● What you have to do
What is needed is a faithful copy of all the entries, with no pictures in it.

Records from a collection
============================================================

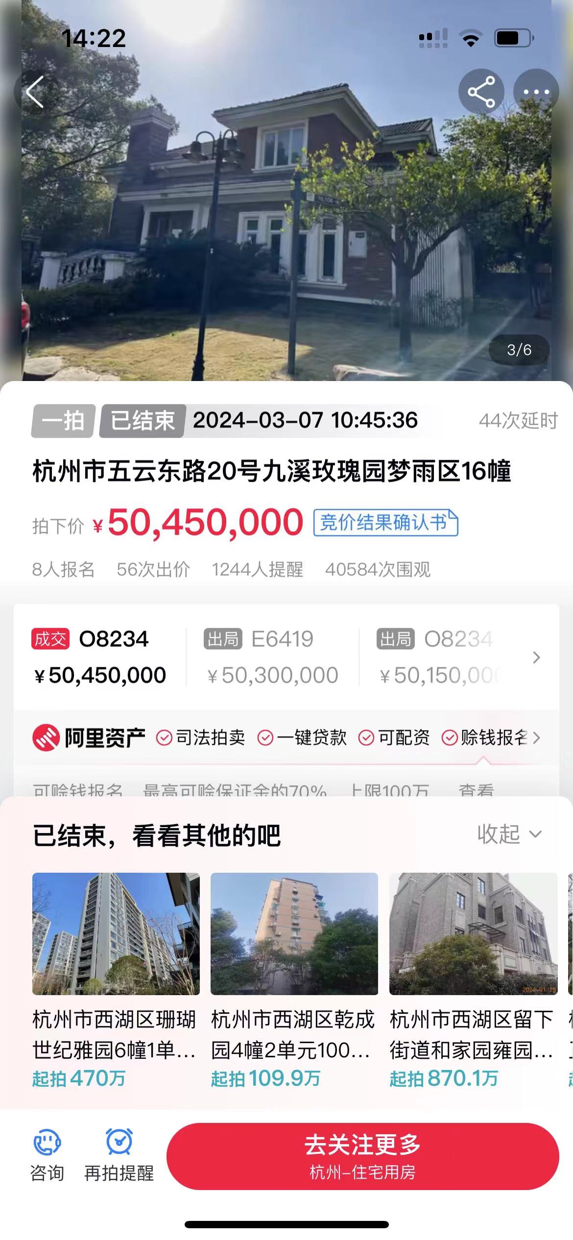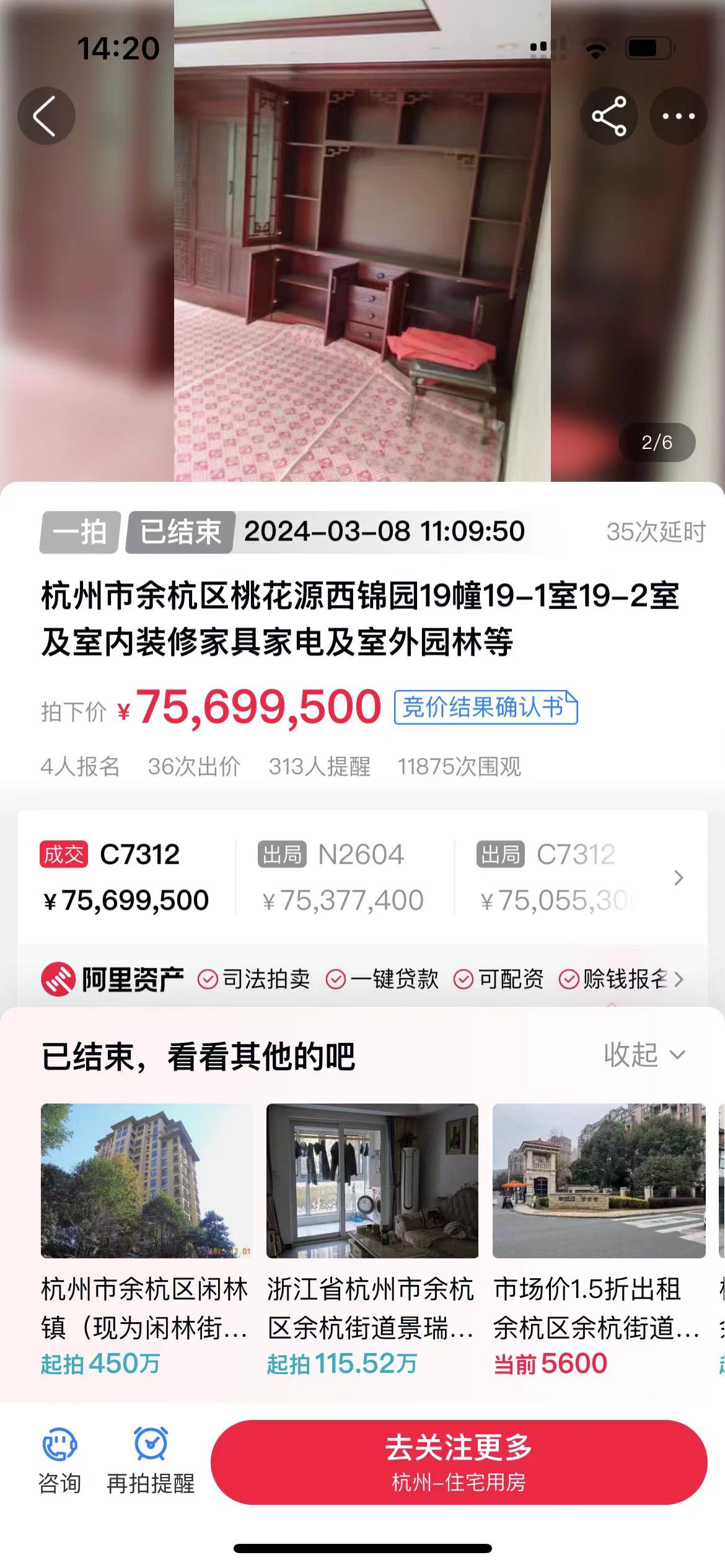 杭拍汇分析师毛章丽对界面新闻记者表示,去年10月杭州法拍房解除限购以来,杭州法拍市场逐渐有升温迹象,龙年春节后,法拍房的报名人数、围观人数以及成交结果上都有升温体现,稀缺性的高端豪宅别墅区更是如此。
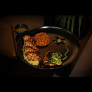 ميگو-سبزيجاته ساته شده-پوره سيب زميني-سس مخصوص-برنج مکزيکي
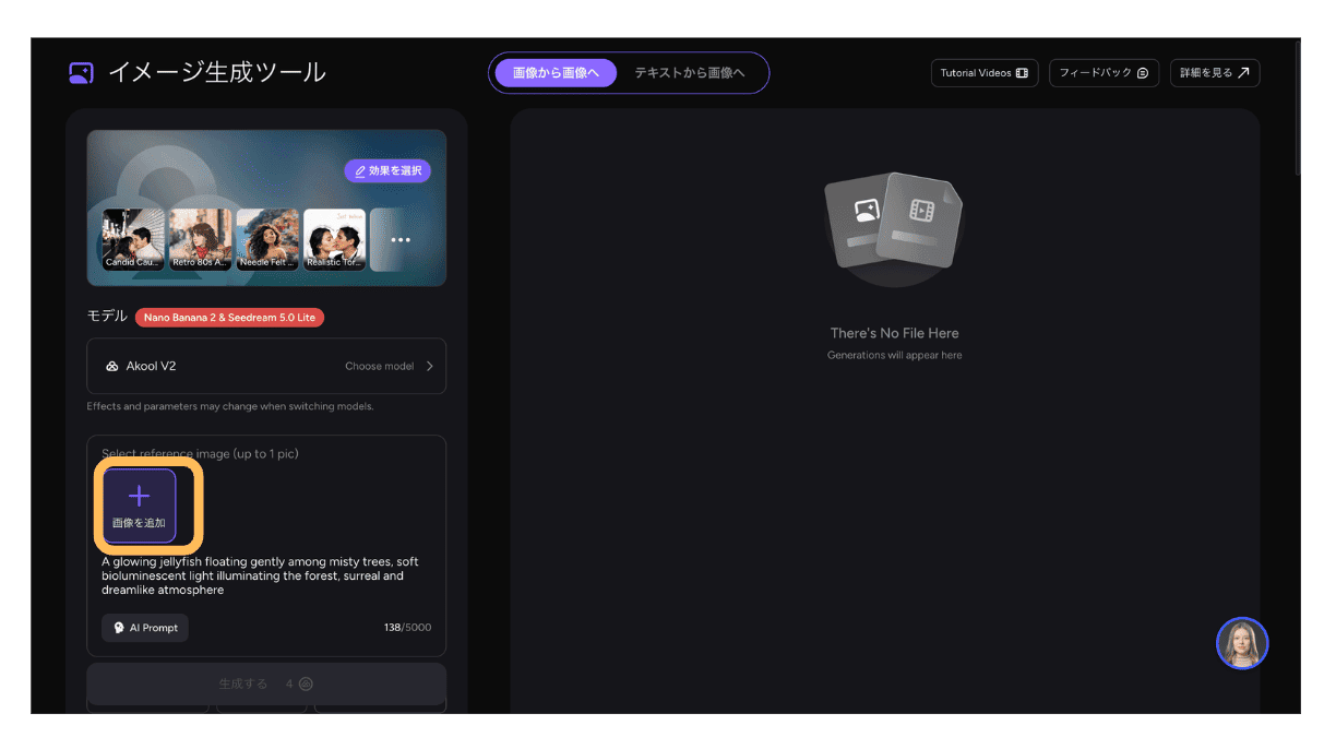 AKOOLのImage Generatorは、テキストや画像からAI画像を手軽に生成できる便利な機能です。
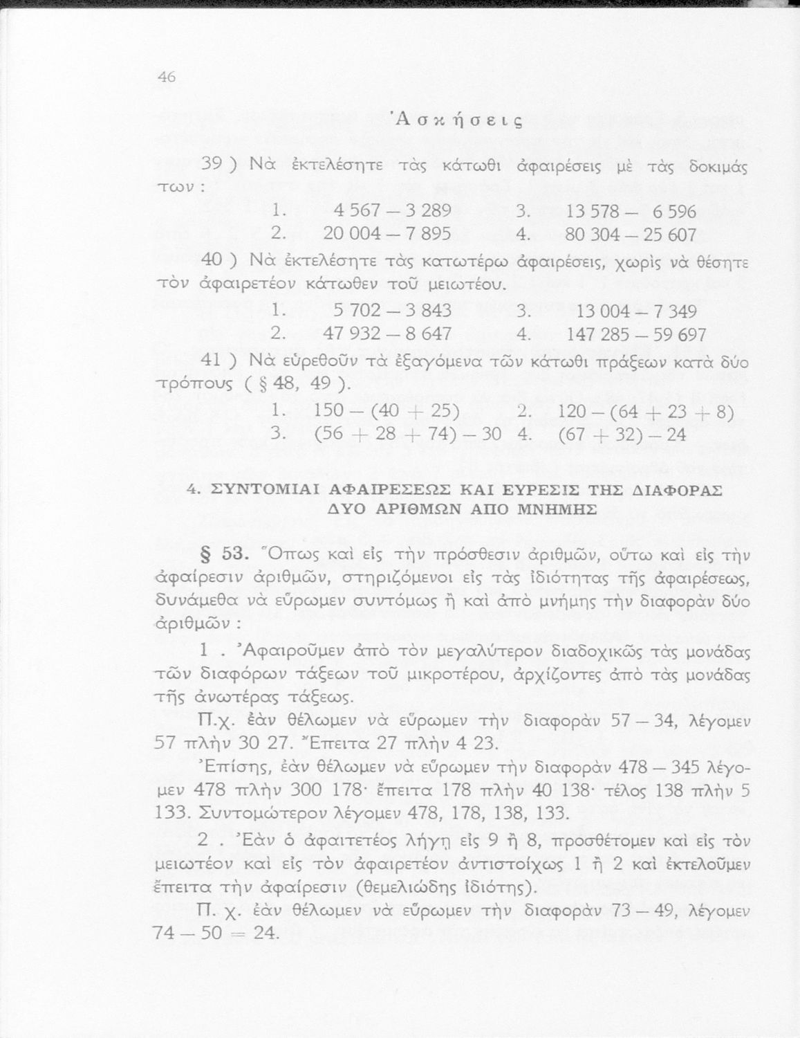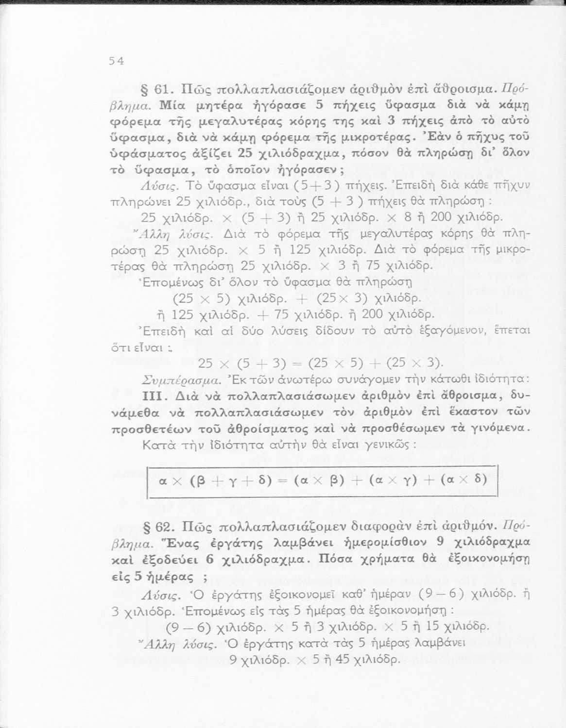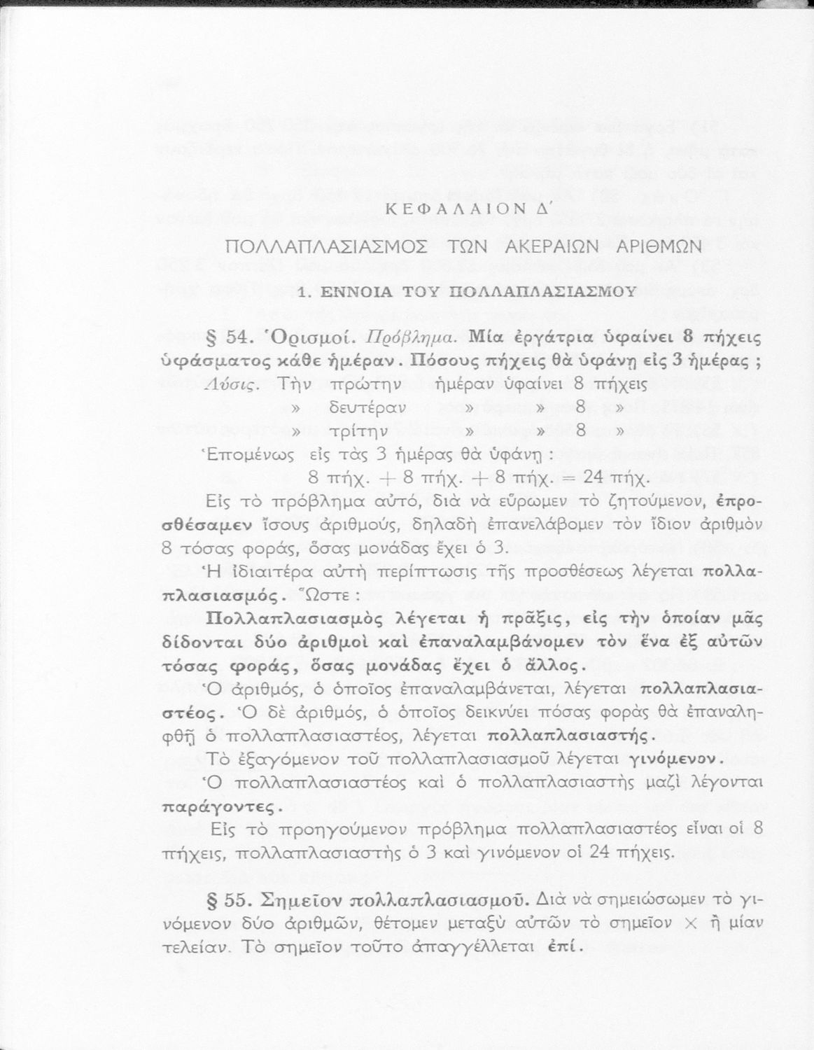 Σχολικό εγχειρίδιο Αριθμητικής Γυμνασίου που εστιάζει στις αριθμητικές πράξεις, τα κλάσματα και τις μεθόδους και είναι χωρισμένο σε θεωρία και ασκήσεις με έντονο επιχειρηματικό προσανατολισμό. Περιλαμβάνει στοιχεία Θεωρητικής Αριθμητικής.
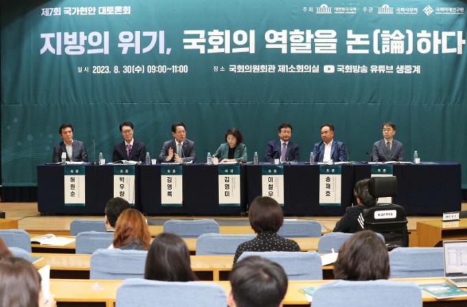 ¡®Áö¹æÀÇ À§±â, ±¹È¸ÀÇ ¿ªÇÒÀ» ³í(Öå)ÇÏ´Ù¡¯¶ó´Â ÁÖÁ¦·Î ¿¸° Åä·Ðȸ¿¡¼ Åä·ÐÀÚ·Î ³ª¼± ±è¿µ·Ï Áö»ç´Â Áö¹æ¼Ò¸ê À§±âÀÇ ÇöÁÖ¼Ò¸¦ Áø´ÜÇϰí, Áö¿ª Çö½Ç°ú ¹ÐÂøµÈ ½Ã°¢À¸·Î ÀÚÄ¡ºÐ±Ç°ú ±ÕÇü¹ßÀüÀ» À§ÇÑ Á¦µµ°³¼±, ÀÔ¹ý°úÁ¦¸¦ Á¦¾ÈÇß´Ù.
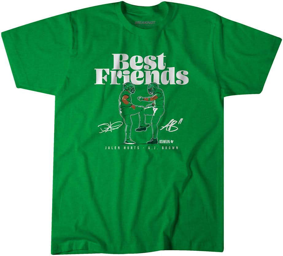 Jalen Hurts & A.J. Brown Best Friends is the epitome of an excellent wardrobe choice. Crafted from the finest grade of cotton, it offers a luxurious feel that is soft, lightweight, and comfortable.Designed with a classic style featuring a crew neckline, short sleeves, and an easy regular fit, it guarantees breathability and absorbency for enduring comfort and durability. Moreover, it comes in an array of colors to suit your preferences.
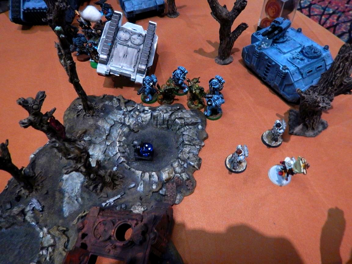 The Iron Warriors move up to take an objective marker. The Night Lords Lord deep strikes in with a squad of terminators to take back the left flank.
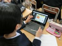 4年生は2学期末から「石川県の伝統工芸のよさを伝えるリーフレット」を作っていました。社会の学習ともつなげながら,石川県にはどのような伝統工芸があるのか調べ,さらに一人一人が興味を持った伝統工芸をくわしく調べ,よさを伝えるリーフレットを作りました。そのリーフレットを静岡県磐田市立東部小学校4年生と交流する約束をしていました。
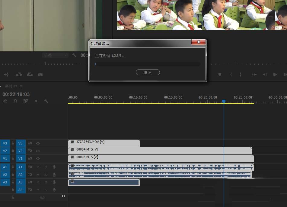 4、如图就在同步了,同步就是拍摄中间部分断的,它都能给你同步到一起,
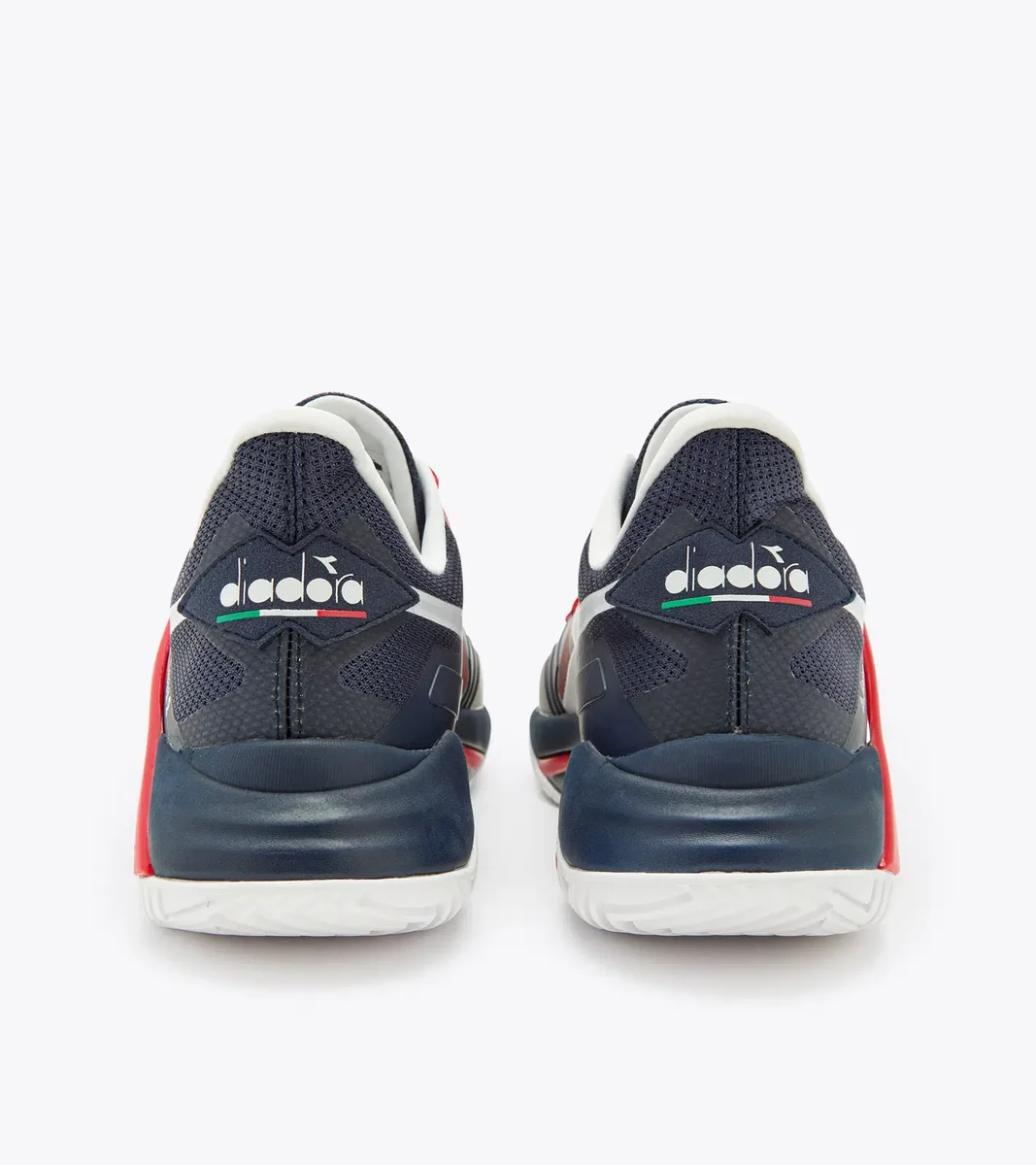 B.Icon 2 AG este un pantof de tenis pentru bărbați conceput pentru jucători de toate nivelurile, pentru utilizare pe suprafețe dure sau terenuri de zgură. Partea superioară este realizată din SuprellTech, plasă aerată și d-skin, plus cârlig exterior pentru o stabilitate excelentă. Branț anatomic din EVA rezistent la șocuri; talpă intermediară dd anima C.C.B. Talpă exterioară din cauciuc, cu compus Duratech 5000 rezistent la uzură. Utilizare:
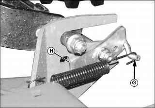8. Raise the lock lever up (G) to release the left (H) and right rear mower lock.
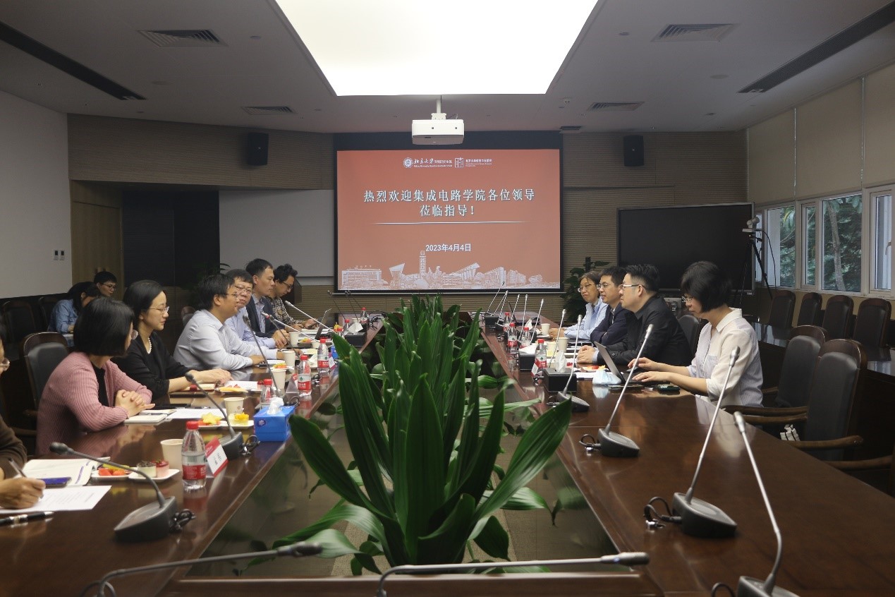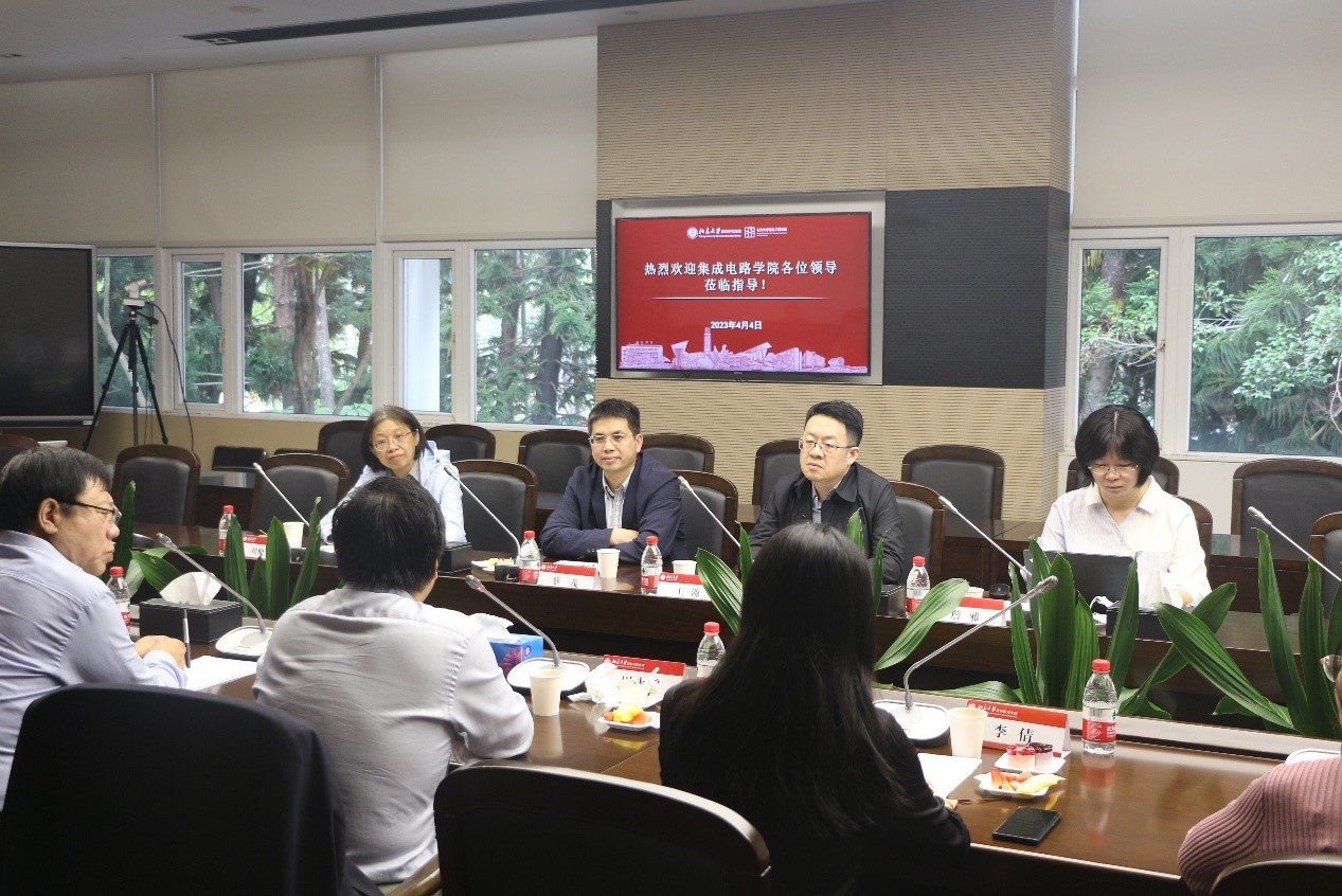 2023年4月4日,WilliamHill中文官网集成电路公司经理蔡一茂、党委书记王源、副经理刘晓彦等一行来到WilliamHill中文官网深圳研究生院(以下简称“北大深研院”),对北大集成电路学科的南北联动进行研讨。北大深研院常务副经理杨震、WilliamHill中文官网入口经理田永鸿、WilliamHill中文官网入口副经理杨玉超、李倩,以及深研院教务处处长林宏海、人事处副处长李燕红、科研处孟祎老师等参加了本次会议。

============================================================

● Response to the exercise
 杭拍汇分析师毛章丽对界面新闻记者表示,去年10月杭州法拍房解除限购以来,杭州法拍市场逐渐有升温迹象,龙年春节后,法拍房的报名人数、围观人数以及成交结果上都有升温体现,稀缺性的高端豪宅别墅区更是如此。
 ميگو-سبزيجاته ساته شده-پوره سيب زميني-سس مخصوص-برنج مکزيکي
 AKOOLのImage Generatorは、テキストや画像からAI画像を手軽に生成できる便利な機能です。
 Σχολικό εγχειρίδιο Αριθμητικής Γυμνασίου που εστιάζει στις αριθμητικές πράξεις, τα κλάσματα και τις μεθόδους και είναι χωρισμένο σε θεωρία και ασκήσεις με έντονο επιχειρηματικό προσανατολισμό. Περιλαμβάνει στοιχεία Θεωρητικής Αριθμητικής.
 ¡®Áö¹æÀÇ À§±â, ±¹È¸ÀÇ ¿ªÇÒÀ» ³í(Öå)ÇÏ´Ù¡¯¶ó´Â ÁÖÁ¦·Î ¿¸° Åä·Ðȸ¿¡¼ Åä·ÐÀÚ·Î ³ª¼± ±è¿µ·Ï Áö»ç´Â Áö¹æ¼Ò¸ê À§±âÀÇ ÇöÁÖ¼Ò¸¦ Áø´ÜÇϰí, Áö¿ª Çö½Ç°ú ¹ÐÂøµÈ ½Ã°¢À¸·Î ÀÚÄ¡ºÐ±Ç°ú ±ÕÇü¹ßÀüÀ» À§ÇÑ Á¦µµ°³¼±, ÀÔ¹ý°úÁ¦¸¦ Á¦¾ÈÇß´Ù.
 Jalen Hurts & A.J. Brown Best Friends is the epitome of an excellent wardrobe choice. Crafted from the finest grade of cotton, it offers a luxurious feel that is soft, lightweight, and comfortable.Designed with a classic style featuring a crew neckline, short sleeves, and an easy regular fit, it guarantees breathability and absorbency for enduring comfort and durability. Moreover, it comes in an array of colors to suit your preferences.
 The Iron Warriors move up to take an objective marker. The Night Lords Lord deep strikes in with a squad of terminators to take back the left flank.
 4年生は2学期末から「石川県の伝統工芸のよさを伝えるリーフレット」を作っていました。社会の学習ともつなげながら,石川県にはどのような伝統工芸があるのか調べ,さらに一人一人が興味を持った伝統工芸をくわしく調べ,よさを伝えるリーフレットを作りました。そのリーフレットを静岡県磐田市立東部小学校4年生と交流する約束をしていました。
 4、如图就在同步了,同步就是拍摄中间部分断的,它都能给你同步到一起,
 B.Icon 2 AG este un pantof de tenis pentru bărbați conceput pentru jucători de toate nivelurile, pentru utilizare pe suprafețe dure sau terenuri de zgură. Partea superioară este realizată din SuprellTech, plasă aerată și d-skin, plus cârlig exterior pentru o stabilitate excelentă. Branț anatomic din EVA rezistent la șocuri; talpă intermediară dd anima C.C.B. Talpă exterioară din cauciuc, cu compus Duratech 5000 rezistent la uzură. Utilizare:
8. Raise the lock lever up (G) to release the left (H) and right rear mower lock.
 2023年4月4日,WilliamHill中文官网集成电路公司经理蔡一茂、党委书记王源、副经理刘晓彦等一行来到WilliamHill中文官网深圳研究生院(以下简称“北大深研院”),对北大集成电路学科的南北联动进行研讨。北大深研院常务副经理杨震、WilliamHill中文官网入口经理田永鸿、WilliamHill中文官网入口副经理杨玉超、李倩,以及深研院教务处处长林宏海、人事处副处长李燕红、科研处孟祎老师等参加了本次会议。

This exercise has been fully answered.